Abidjan, 05 juin 2026 (AIP) – Le Centre africain de contrôle et de prévention des maladies et l’Organisation mondiale de la Santé ont annoncé, vendredi 5 juin 2026, le lancement d’un plan conjoint de six mois visant à mobiliser 518 millions de dollars pour soutenir la lutte contre l’épidémie d’Ebola causée par le virus Bundibugyo sur le continent africain.
Prévu pour la période de juin à novembre 2026, ce plan intervient alors que les opérations de riposte s’intensifient en République démocratique du Congo, principal foyer de l’épidémie, et vient compléter les mesures déjà engagées par les gouvernements de la RDC et de l’Ouganda.

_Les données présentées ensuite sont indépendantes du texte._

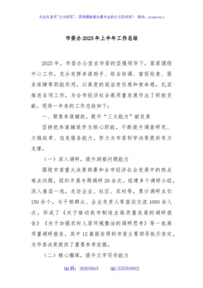 / 市委办2025年上半年工作总结

Selon les deux organisations, l’initiative repose sur une approche coordonnée baptisée « Une seule réponse », destinée à harmoniser les actions des autorités nationales, des partenaires internationaux et des communautés locales.
Les ressources mobilisées serviront notamment à renforcer la surveillance épidémiologique, les capacités de laboratoire, la prévention et le contrôle des infections, les soins cliniques, la logistique ainsi que les mécanismes de coordination d’urgence.
Le directeur général de l’OMS, Tedros Adhanom Ghebreyesus, a souligné l’importance d’une réponse concertée sous la conduite des pays touchés. De retour d’une mission dans la province de l’Ituri, épicentre de l’épidémie en RDC, il a estimé que la situation évoluait rapidement et a insisté sur la nécessité d’une mobilisation accrue des communautés pour faciliter le suivi des contacts et l’accès aux soins.
De son côté, le directeur général d’Africa CDC, Jean Kaseya, a appelé à une réaction rapide face à la propagation du virus, estimant que les engagements politiques devaient se traduire par des actions concrètes sur le terrain.
Le plan accorde une attention particulière à la protection des populations vulnérables, au renforcement de la coopération transfrontalière et à l’amélioration des capacités d’intervention. Dix pays considérés comme prioritaires bénéficient déjà d’un renforcement des mesures de préparation.
Les responsables sanitaires ont également rappelé qu’aucun vaccin ni traitement homologué n’est actuellement spécifiquement approuvé contre la souche Bundibugyo du virus Ebola. Au-delà de la gestion de l’urgence, cette mobilisation vise à renforcer durablement les systèmes de santé africains et à améliorer la préparation du continent face aux futures crises sanitaires.